RECORDS SHOWN:
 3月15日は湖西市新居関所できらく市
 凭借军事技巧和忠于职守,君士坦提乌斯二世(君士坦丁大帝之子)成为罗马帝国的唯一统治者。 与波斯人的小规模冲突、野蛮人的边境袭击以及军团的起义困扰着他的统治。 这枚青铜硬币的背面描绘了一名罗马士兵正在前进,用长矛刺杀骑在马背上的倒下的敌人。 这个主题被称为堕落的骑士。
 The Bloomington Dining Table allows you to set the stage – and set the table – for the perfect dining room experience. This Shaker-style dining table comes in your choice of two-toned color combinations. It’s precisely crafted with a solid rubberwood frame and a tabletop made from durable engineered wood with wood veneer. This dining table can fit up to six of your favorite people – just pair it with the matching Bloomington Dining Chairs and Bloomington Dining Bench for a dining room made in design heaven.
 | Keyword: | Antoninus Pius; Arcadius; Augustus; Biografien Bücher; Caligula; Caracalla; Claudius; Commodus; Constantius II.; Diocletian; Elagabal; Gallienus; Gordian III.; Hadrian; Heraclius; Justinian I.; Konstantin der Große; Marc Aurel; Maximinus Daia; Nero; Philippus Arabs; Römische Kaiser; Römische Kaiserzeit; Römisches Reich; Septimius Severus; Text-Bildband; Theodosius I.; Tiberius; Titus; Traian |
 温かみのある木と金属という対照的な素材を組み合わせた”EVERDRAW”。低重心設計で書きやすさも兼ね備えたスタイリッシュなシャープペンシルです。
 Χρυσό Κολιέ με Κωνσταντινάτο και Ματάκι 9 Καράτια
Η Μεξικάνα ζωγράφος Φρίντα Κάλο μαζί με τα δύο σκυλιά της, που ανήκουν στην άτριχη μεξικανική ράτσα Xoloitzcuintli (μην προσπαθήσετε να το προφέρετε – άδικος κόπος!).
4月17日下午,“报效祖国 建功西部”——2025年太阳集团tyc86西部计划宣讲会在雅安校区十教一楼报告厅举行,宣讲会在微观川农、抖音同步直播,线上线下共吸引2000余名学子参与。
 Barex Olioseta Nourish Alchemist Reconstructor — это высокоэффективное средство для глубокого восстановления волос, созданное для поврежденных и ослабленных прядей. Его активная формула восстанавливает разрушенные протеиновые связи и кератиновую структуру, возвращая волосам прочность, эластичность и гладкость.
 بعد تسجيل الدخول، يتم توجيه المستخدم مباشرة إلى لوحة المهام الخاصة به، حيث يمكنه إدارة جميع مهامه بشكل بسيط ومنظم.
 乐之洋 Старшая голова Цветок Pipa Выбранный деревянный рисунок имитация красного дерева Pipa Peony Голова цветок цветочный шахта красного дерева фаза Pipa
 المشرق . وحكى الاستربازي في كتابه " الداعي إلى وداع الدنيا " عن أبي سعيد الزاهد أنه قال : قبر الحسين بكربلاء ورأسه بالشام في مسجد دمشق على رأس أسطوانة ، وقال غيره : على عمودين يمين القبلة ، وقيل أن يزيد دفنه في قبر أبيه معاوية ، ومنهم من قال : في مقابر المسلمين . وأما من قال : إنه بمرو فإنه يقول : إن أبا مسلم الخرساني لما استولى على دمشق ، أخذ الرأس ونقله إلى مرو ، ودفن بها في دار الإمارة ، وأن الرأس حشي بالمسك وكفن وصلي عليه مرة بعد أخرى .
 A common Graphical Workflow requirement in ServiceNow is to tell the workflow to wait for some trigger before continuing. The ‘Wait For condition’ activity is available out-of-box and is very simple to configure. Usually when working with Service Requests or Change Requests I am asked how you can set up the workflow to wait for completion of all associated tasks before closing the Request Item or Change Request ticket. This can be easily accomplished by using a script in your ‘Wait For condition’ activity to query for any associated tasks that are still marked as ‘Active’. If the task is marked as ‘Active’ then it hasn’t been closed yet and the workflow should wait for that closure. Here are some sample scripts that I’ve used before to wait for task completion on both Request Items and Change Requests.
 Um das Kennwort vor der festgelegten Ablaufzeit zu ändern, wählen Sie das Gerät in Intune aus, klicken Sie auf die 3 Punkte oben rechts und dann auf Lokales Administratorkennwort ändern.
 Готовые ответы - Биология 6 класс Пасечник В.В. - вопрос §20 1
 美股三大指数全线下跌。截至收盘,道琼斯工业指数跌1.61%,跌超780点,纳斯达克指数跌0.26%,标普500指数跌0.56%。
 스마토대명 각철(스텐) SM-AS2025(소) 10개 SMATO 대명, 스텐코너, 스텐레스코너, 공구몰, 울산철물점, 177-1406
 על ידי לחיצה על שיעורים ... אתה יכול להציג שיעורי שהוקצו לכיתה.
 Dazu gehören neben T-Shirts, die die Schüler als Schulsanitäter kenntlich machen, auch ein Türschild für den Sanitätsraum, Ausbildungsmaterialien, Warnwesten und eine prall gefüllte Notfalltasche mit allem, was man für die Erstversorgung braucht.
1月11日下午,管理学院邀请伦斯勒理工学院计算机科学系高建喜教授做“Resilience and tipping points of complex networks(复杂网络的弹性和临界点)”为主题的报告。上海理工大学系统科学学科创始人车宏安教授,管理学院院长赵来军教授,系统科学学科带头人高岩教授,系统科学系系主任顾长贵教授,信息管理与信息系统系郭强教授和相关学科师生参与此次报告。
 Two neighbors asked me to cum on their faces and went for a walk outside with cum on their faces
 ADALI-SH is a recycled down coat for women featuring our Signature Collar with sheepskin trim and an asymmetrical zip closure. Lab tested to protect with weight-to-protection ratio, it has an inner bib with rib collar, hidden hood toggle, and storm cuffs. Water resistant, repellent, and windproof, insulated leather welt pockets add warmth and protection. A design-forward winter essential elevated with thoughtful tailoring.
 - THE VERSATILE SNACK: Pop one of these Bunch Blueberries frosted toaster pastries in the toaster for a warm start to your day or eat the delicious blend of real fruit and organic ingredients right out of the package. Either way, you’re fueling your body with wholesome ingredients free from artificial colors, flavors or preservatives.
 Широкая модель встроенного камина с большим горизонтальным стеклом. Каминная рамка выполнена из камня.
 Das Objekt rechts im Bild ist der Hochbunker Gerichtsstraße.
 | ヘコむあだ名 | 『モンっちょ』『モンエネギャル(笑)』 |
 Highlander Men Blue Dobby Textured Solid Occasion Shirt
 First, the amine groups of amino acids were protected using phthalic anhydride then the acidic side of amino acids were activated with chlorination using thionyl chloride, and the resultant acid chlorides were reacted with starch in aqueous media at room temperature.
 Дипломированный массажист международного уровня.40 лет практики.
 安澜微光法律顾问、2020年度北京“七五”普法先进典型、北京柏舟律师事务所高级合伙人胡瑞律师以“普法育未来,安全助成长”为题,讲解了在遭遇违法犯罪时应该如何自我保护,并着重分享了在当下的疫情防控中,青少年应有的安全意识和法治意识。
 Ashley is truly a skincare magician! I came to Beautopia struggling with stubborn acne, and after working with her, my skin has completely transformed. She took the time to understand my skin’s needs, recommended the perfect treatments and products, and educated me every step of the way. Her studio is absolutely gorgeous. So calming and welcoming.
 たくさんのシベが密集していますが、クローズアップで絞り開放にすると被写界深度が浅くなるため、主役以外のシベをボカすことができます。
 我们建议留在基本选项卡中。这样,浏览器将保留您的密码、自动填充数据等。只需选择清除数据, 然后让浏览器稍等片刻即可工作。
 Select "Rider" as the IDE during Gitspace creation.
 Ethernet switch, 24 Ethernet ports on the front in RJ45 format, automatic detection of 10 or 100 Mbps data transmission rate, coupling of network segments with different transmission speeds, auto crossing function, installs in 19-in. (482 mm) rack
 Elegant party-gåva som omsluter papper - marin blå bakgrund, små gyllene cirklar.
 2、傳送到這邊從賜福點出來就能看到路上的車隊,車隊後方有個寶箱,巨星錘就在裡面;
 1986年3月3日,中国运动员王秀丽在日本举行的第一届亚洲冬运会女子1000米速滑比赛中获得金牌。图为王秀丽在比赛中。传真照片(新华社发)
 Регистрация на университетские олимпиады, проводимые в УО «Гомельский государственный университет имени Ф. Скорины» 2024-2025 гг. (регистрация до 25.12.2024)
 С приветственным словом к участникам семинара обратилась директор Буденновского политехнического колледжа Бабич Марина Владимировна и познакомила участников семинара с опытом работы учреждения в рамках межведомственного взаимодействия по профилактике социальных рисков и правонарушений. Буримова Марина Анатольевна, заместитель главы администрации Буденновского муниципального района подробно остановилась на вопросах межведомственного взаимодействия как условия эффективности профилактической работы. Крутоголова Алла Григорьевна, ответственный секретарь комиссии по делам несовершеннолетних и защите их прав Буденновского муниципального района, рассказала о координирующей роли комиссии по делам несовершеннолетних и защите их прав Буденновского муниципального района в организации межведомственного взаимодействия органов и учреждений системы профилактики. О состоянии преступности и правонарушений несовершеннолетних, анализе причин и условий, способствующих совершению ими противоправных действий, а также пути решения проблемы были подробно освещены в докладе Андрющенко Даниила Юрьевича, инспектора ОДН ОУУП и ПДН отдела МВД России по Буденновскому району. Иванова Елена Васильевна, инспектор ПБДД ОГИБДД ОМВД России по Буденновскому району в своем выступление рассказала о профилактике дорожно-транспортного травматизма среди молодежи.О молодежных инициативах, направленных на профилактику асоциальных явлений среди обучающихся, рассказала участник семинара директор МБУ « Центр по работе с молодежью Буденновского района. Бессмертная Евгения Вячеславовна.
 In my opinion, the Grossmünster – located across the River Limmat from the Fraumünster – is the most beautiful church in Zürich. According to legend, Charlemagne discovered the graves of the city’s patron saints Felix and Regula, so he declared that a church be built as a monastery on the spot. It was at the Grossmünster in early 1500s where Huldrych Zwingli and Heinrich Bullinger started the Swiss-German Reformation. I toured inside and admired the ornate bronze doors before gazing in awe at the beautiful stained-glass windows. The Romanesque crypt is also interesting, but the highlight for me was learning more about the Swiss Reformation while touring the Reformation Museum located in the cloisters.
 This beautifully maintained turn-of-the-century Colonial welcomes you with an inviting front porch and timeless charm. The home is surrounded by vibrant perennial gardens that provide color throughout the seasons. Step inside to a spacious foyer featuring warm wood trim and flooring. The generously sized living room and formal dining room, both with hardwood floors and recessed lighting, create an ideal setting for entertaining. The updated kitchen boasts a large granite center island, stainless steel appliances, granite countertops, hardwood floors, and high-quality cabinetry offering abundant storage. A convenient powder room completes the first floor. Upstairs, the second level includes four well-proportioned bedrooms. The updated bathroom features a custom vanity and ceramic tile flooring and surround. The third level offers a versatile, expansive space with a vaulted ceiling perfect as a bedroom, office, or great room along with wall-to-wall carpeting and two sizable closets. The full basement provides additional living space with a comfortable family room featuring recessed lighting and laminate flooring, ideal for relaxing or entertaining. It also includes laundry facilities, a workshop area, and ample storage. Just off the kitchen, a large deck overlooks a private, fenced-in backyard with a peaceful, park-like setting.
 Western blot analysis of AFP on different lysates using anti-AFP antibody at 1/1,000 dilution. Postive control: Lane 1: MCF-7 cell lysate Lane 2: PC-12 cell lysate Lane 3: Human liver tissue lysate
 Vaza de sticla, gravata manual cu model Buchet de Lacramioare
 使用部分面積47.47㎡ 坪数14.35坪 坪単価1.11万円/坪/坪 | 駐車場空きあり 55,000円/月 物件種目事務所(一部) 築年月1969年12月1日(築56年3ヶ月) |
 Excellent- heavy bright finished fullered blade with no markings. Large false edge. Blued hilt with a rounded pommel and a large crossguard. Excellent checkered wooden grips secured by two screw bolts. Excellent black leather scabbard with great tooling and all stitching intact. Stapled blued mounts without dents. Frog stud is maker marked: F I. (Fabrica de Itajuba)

WHAT YOU ARE ASKED TO DO: Beginning with the line holding "during Gitspace creation." and ending with the line holding "Ethernet switch, 24", write out the stretch of material above exactly; add no further lines.

ANSWER TO THE EXERCISE:
 Select "Rider" as the IDE during Gitspace creation.
 Ethernet switch, 24 Ethernet ports on the front in RJ45 format, automatic detection of 10 or 100 Mbps data transmission rate, coupling of network segments with different transmission speeds, auto crossing function, installs in 19-in. (482 mm) rack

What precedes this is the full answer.